#### [TASK PROMPT]
Leave out the pictures and retype, exactly, the lines below from the line with "Ручейники. В нашем" up to and including the line with "Kadın 4 Cm Tam", nothing more.

#### [EXTRACTED RECORDS]
· · · ·
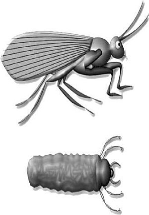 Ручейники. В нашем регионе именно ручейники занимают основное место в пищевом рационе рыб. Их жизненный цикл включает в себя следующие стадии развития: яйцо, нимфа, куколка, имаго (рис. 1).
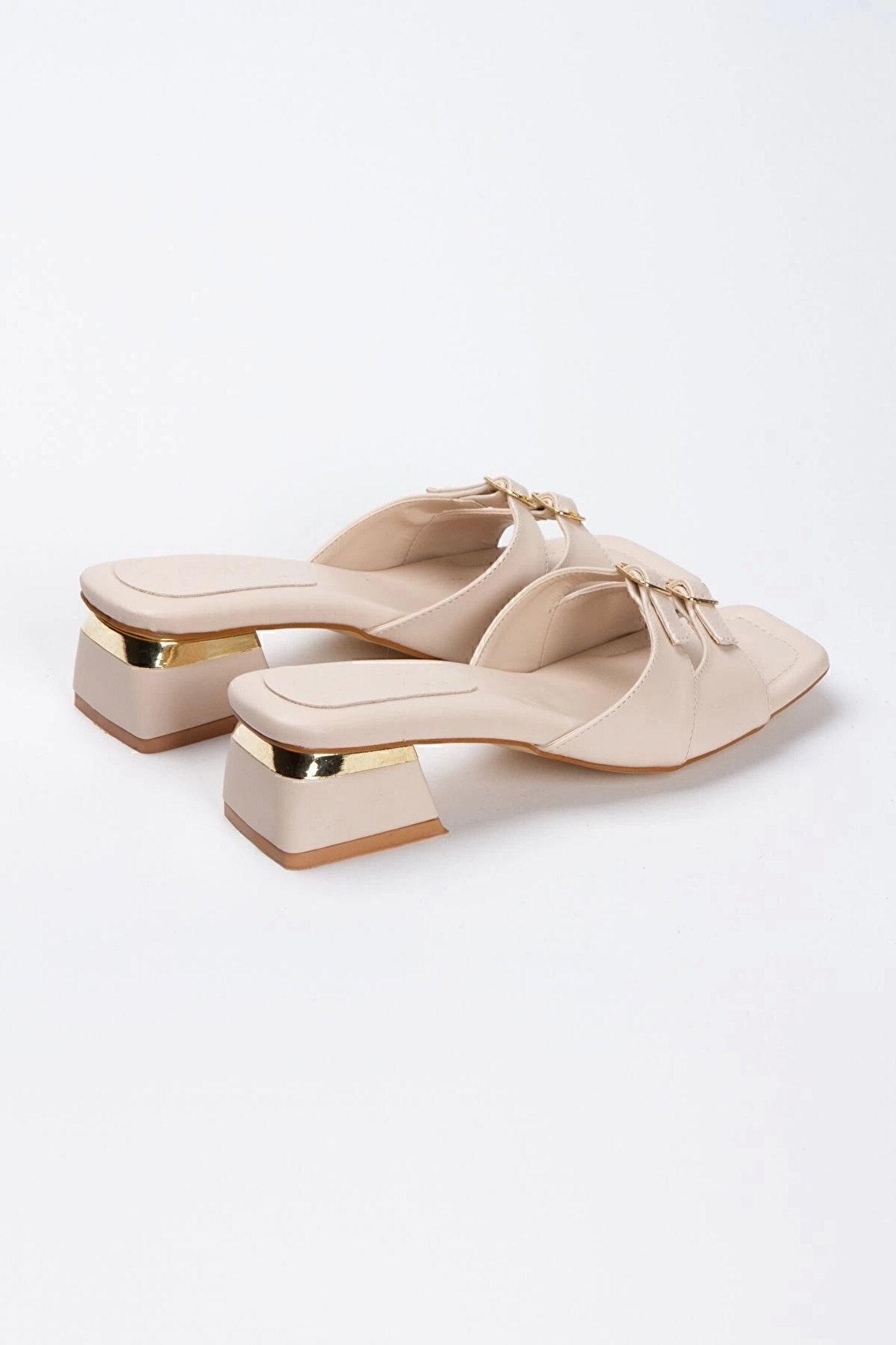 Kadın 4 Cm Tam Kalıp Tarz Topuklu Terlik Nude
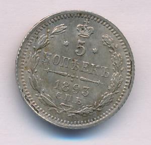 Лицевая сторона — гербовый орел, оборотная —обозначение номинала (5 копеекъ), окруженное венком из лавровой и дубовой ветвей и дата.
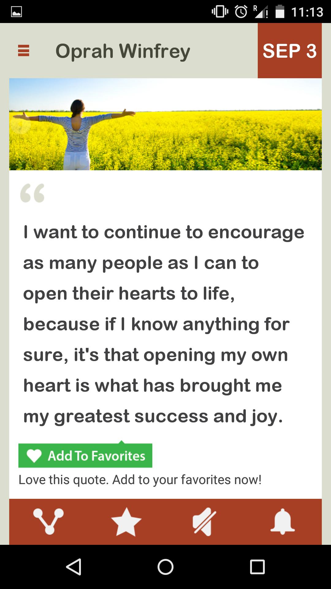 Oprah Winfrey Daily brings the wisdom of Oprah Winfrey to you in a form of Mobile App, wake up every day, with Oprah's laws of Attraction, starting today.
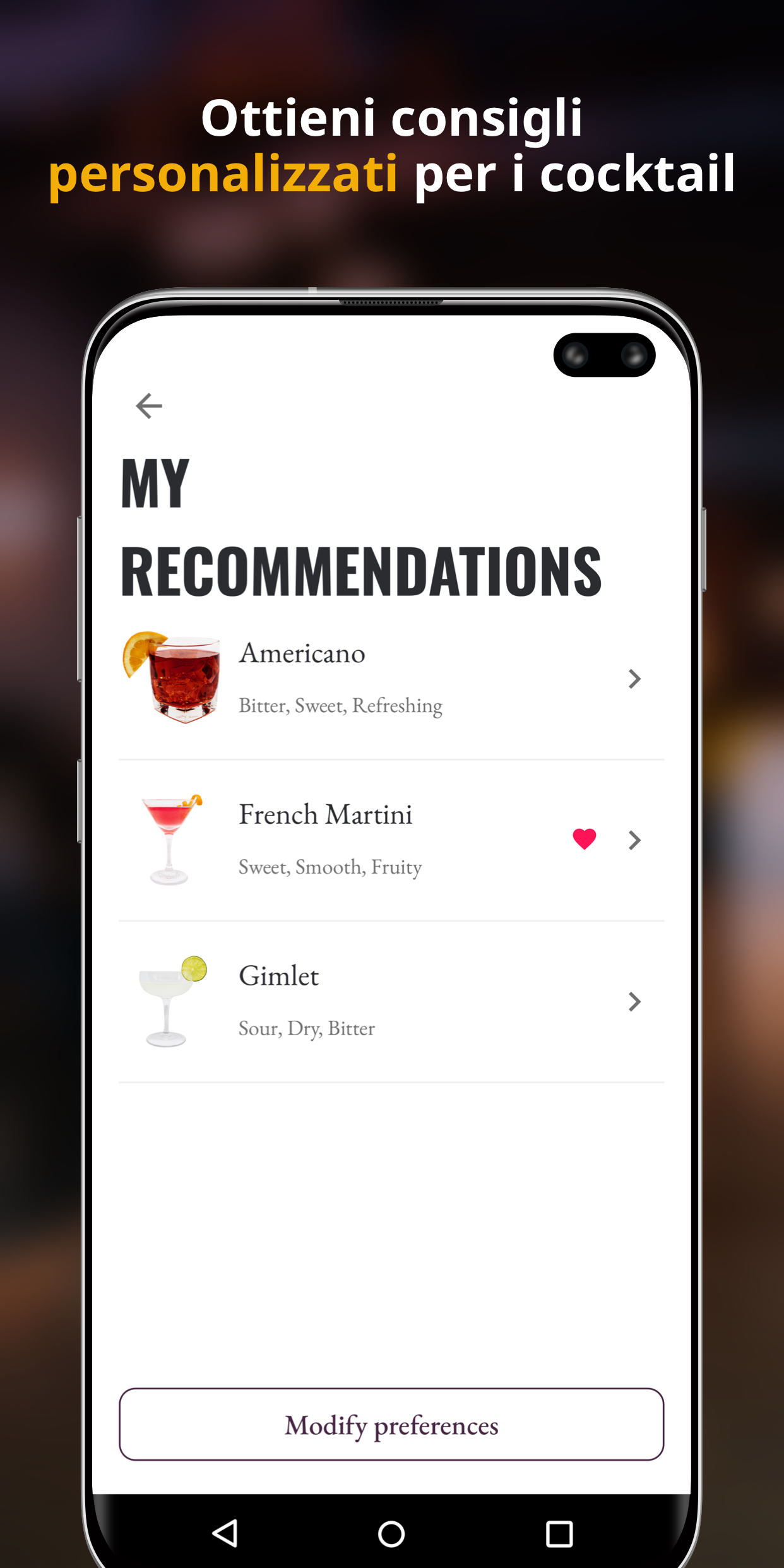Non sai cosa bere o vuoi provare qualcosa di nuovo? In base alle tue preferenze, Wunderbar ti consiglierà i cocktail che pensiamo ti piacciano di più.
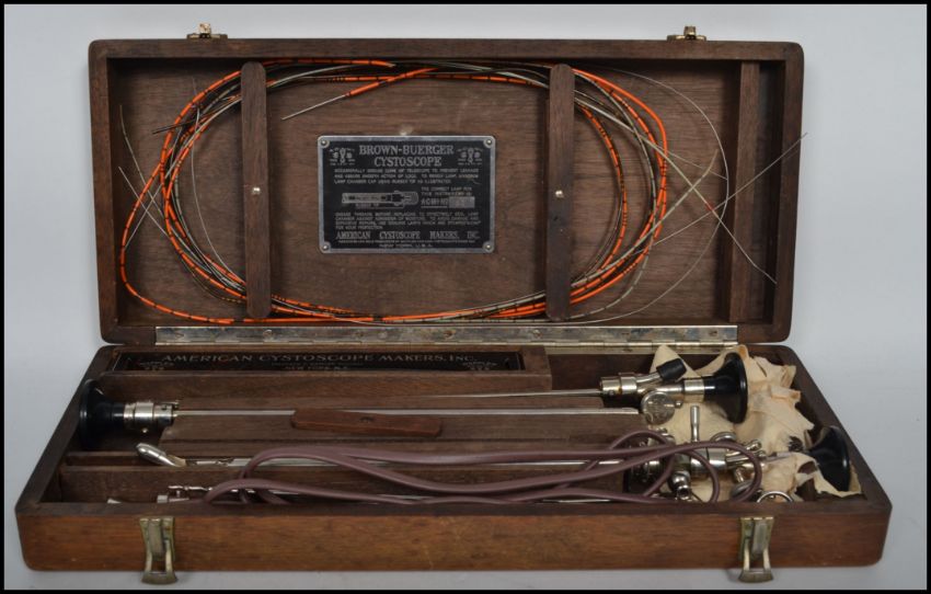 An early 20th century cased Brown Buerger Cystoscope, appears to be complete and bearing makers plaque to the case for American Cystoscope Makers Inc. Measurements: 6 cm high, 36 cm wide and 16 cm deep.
· · · ·
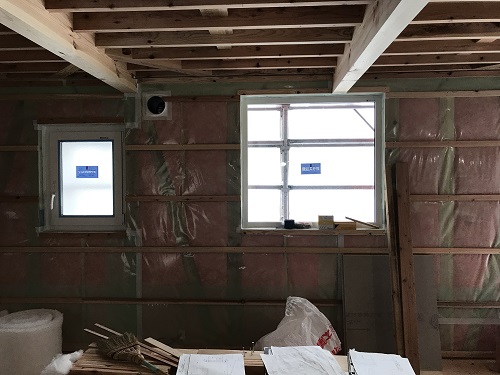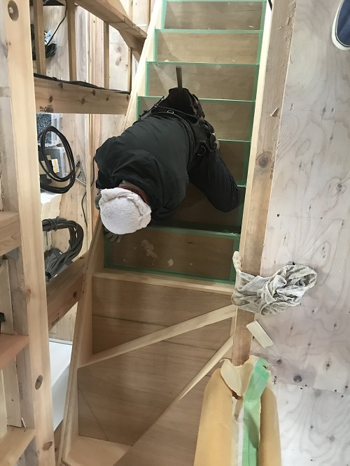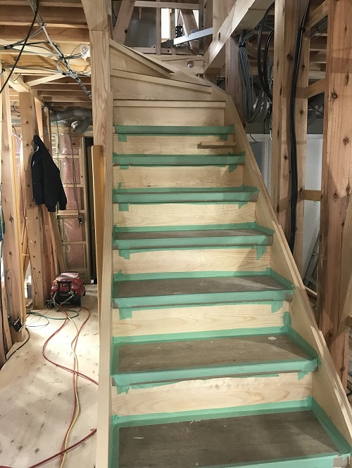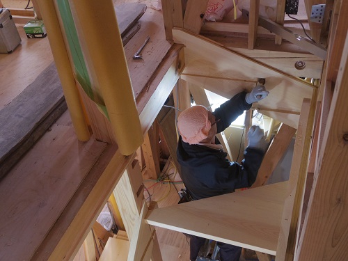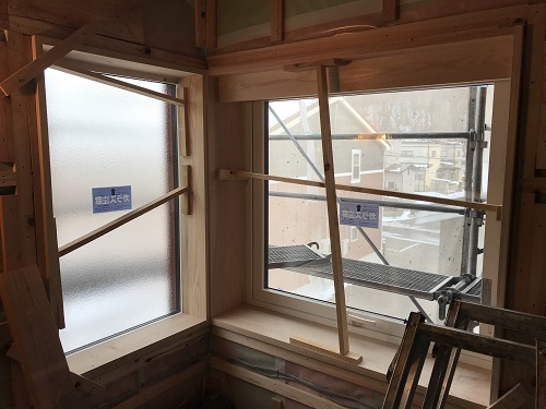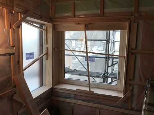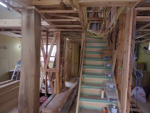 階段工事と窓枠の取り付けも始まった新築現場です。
· · · ·
#### [SOLVED PROBLEM]
 Ручейники. В нашем регионе именно ручейники занимают основное место в пищевом рационе рыб. Их жизненный цикл включает в себя следующие стадии развития: яйцо, нимфа, куколка, имаго (рис. 1).
 Kadın 4 Cm Tam Kalıp Tarz Topuklu Terlik Nude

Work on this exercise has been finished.